There's also quite a bit of interesting history abount the site

Here an except of an article I put into our club magazine:

The site is near a village called Ribencourt-Dreslingcourt about 130kms due South of Dunkirk. It's based in a Forest that boast 300 acres of off road driving - when you consider that Whaddon is about 60 acres it gives you some idea of the potential.

We found the site after driving out of the village up the side of a hill into what looked like forestry commission land in so much as the road was graded and it was heavily wooded. We arrived at the car part to what appeared to be a scene from Deliverance (for those of you who know the film!). The site owner lived in a house that looked like it was made of Pallets and there were some very dodgy looking characters around (as if anyone who lives in the forest five miles from the nearest brick building could be considered normal!!).

However the owner was very hospitable, spoke no English and French that was so heavily accented that Philip (my son and resident translator) couldn't understand a word of what he was saying. We weren't sure if he was inviting us for a drink or planned to have us for dinner (literally!!!) anyway we declined the invitation and set up camp after having decided that if any of was going to be eaten by the locals we would offer Jason (who is over 20 years old but looks 12) as a piece offering whilst the rest of us made a run for it!!!

The bits of the site we saw were fairly extreme but all could be driven with care - one of the big attractions is that there are miles of underground caverns that where mined out by monks hundreds of years ago (I think for building monasteries). We began to explore the underground bits in Ian's 90 but the roof started to close in and as we were without a guide we were concerned about losing our way - if fact as we turned round we did get lost and were saved by Mike O'Connor and his son (who are experienced cavers) as they were wandering around on foot!!

In fact the site has an amazing, and for me, fascinating history.

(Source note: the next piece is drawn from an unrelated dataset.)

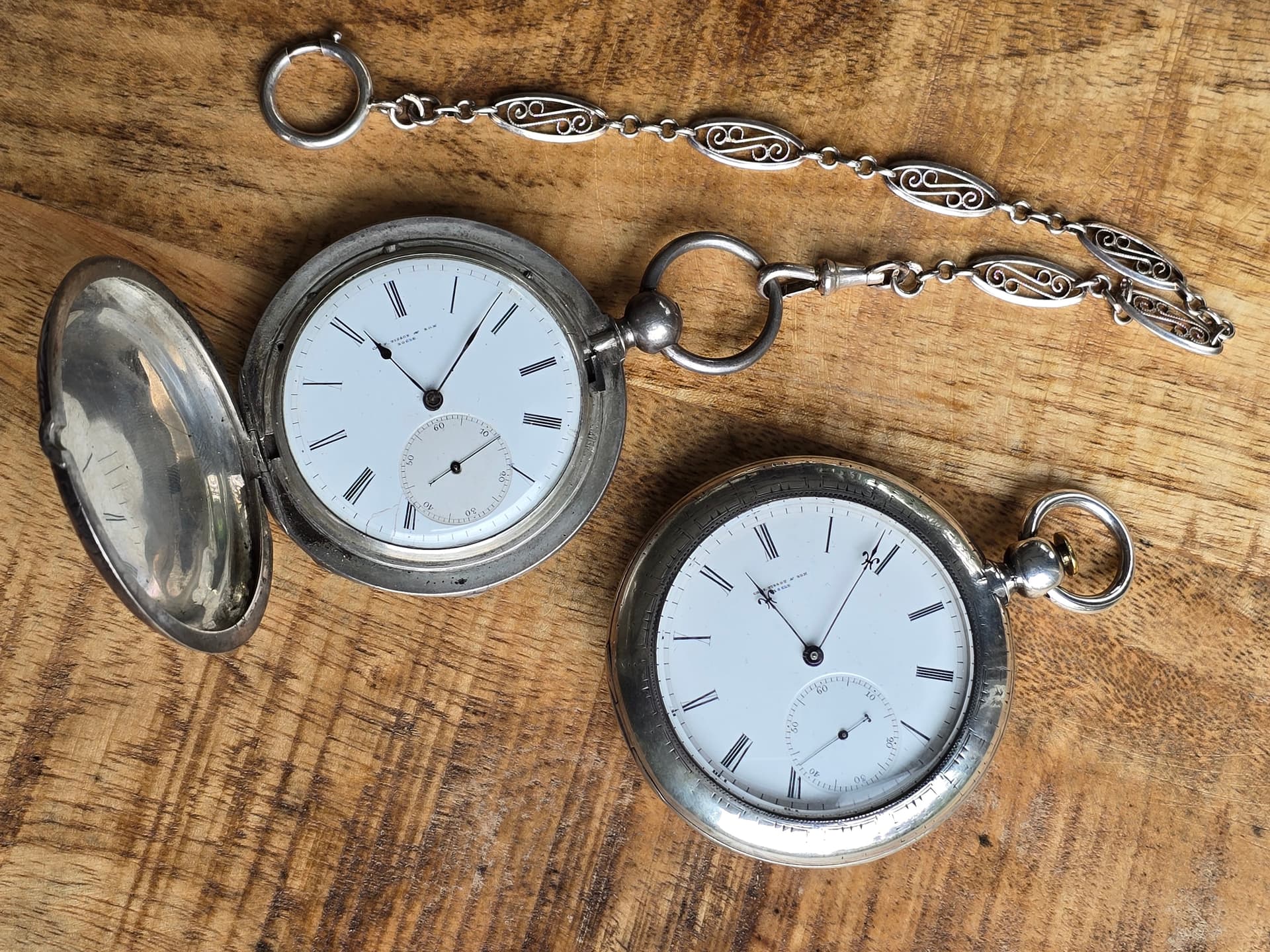 Mijn twee oudste Tissots, de linkse uit omstreeks 1857, de rechtse uit 1854:
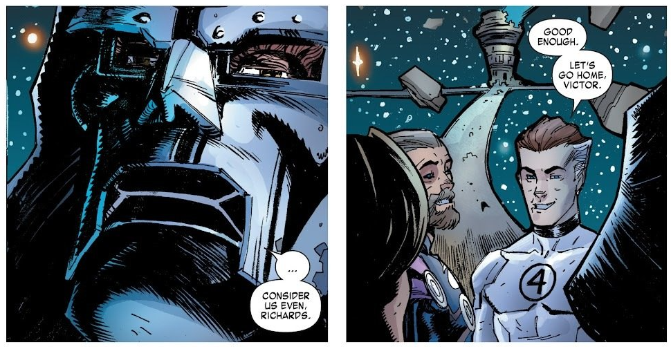 Unstable molecule: While Dr. Doom doesn’t exactly thank Reed as Valeria asked, Reed’s response to Doom is simply “Good enough,” and “Let’s go home.”

As the monks were mining the limestone out they took to much and the roof collapsed leaving the the five pillars still standing as evidence of how high the roof was - there was a picture of this in last month magazine as there was a picture of Ian driving his 90 out of the entrance to the underground route.

During WW1 the site was used by t he Germans to fortify their front lines and used by then as an ammunition store - there is still plenty of evidence of their occupancy.

the French regained control and then lost it again - we came across evidence of underground stables and lots of iron candle holders.

All in all the feeling was that this site is well worth and the visit, probably as a long weekend.